*** Opening Source data ***

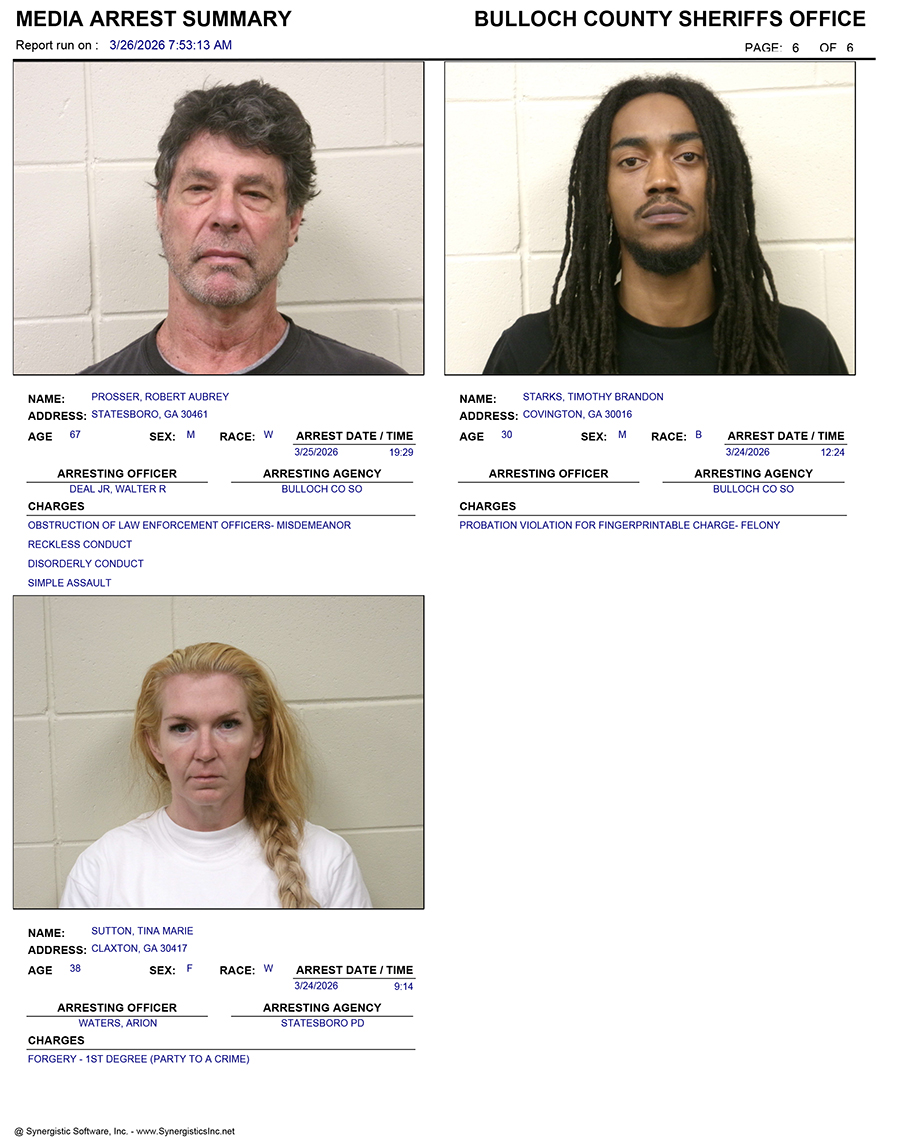 These records are matters of public information provided by the Bulloch County Sheriff’s Office. Booking reports are details of arrests only. All persons below are considered to be innocent unless proven otherwise in a court of law.
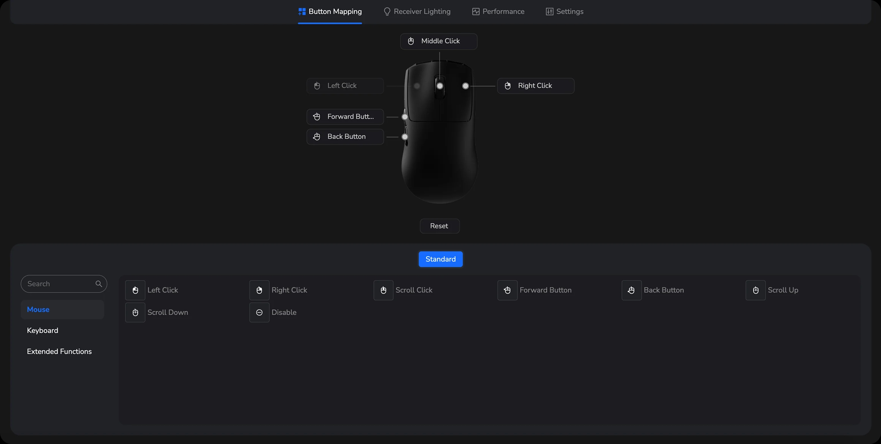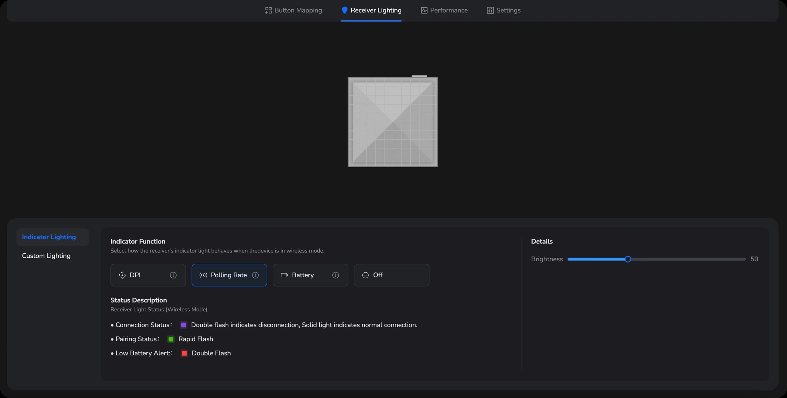 Itt férhetünk hozzá egyébként a érzékelő 20 000 FPS-es módjához (tehát amikor a jelfeldogozó processzor másodpercenként 20 000 felvételt értékel ki a lencse alatt mozgó felületről), ami tovább fokozza a precizitást és reszponzivitást, persze a telepek gyorsabb merülésének fejében. A mellékelt, 8K-s vevőegységet toldóadapterhez hasonlóan a vezeték végéhez csatlakoztatjuk, és kocka alakú, áttetsző házának mélyén egy "minipiramis" figyel, aminek a tetején egy RGB-s, meghajtóprogrammal testreszabható indikátor LED pislákol.
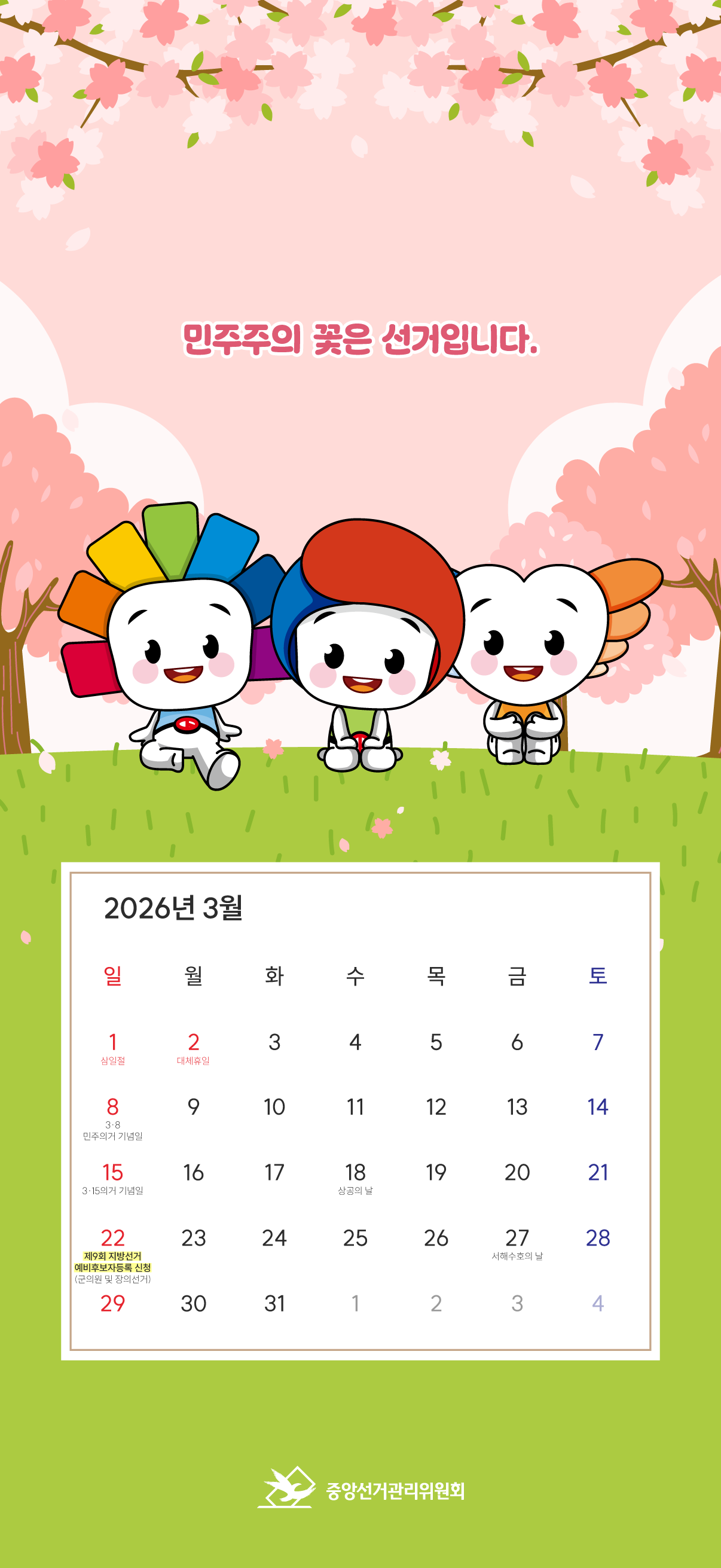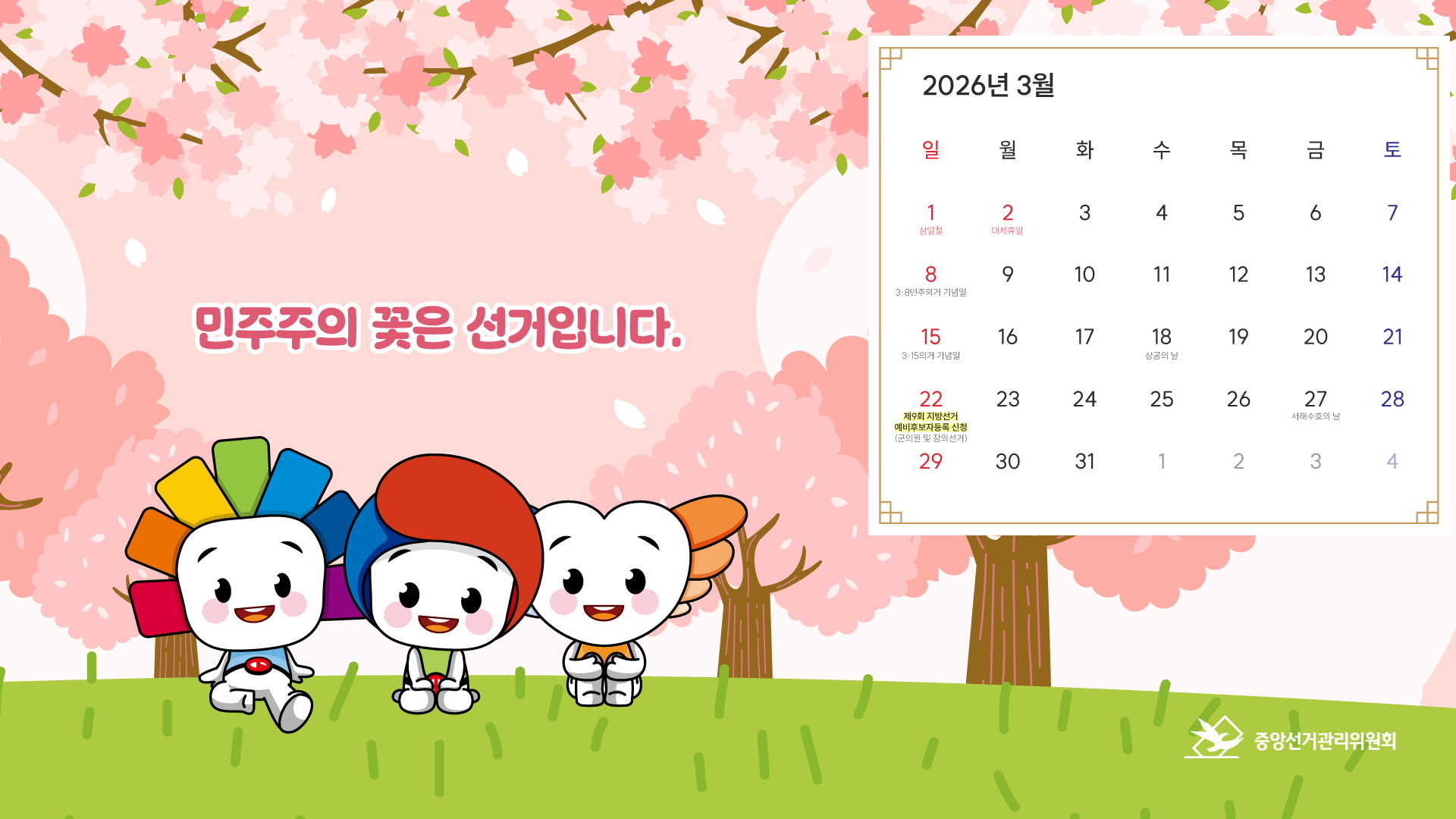 공공누리 마크 홍보과(02-3294-1034)에서 제작한 선거관리위원회 배경화면 달력(26년 3월) 저작물은 "공공누리" 출처표시-상업적 이용금지-변경금지 조건에 따라 이용할 수 있습니다. 자세한 내용은 [저작권정책]을 확인하십시오.
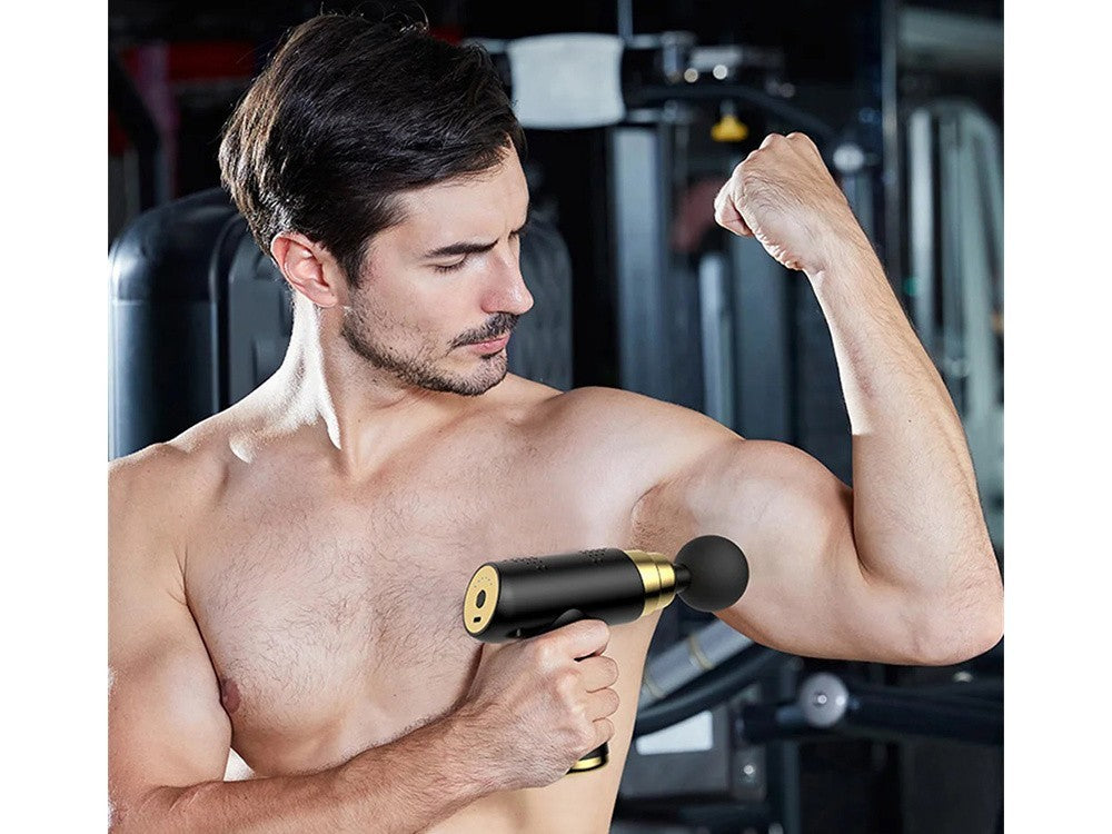 Die Massagepistole verfügt über 6 einstellbare Massageintensitäten, die je nach Bedarf angepasst werden können. Dadurch kann die Massage sanft oder intensiver durchgeführt werden.

*** Closing Source data ***

Exercise goal.
Return exactly the lines from the line with "공공누리 마크 홍보과(02-3294-1034)에서" through the last line of the data above, both included; pictures do not go in the answer.

Your response.
 공공누리 마크 홍보과(02-3294-1034)에서 제작한 선거관리위원회 배경화면 달력(26년 3월) 저작물은 "공공누리" 출처표시-상업적 이용금지-변경금지 조건에 따라 이용할 수 있습니다. 자세한 내용은 [저작권정책]을 확인하십시오.
 Die Massagepistole verfügt über 6 einstellbare Massageintensitäten, die je nach Bedarf angepasst werden können. Dadurch kann die Massage sanft oder intensiver durchgeführt werden.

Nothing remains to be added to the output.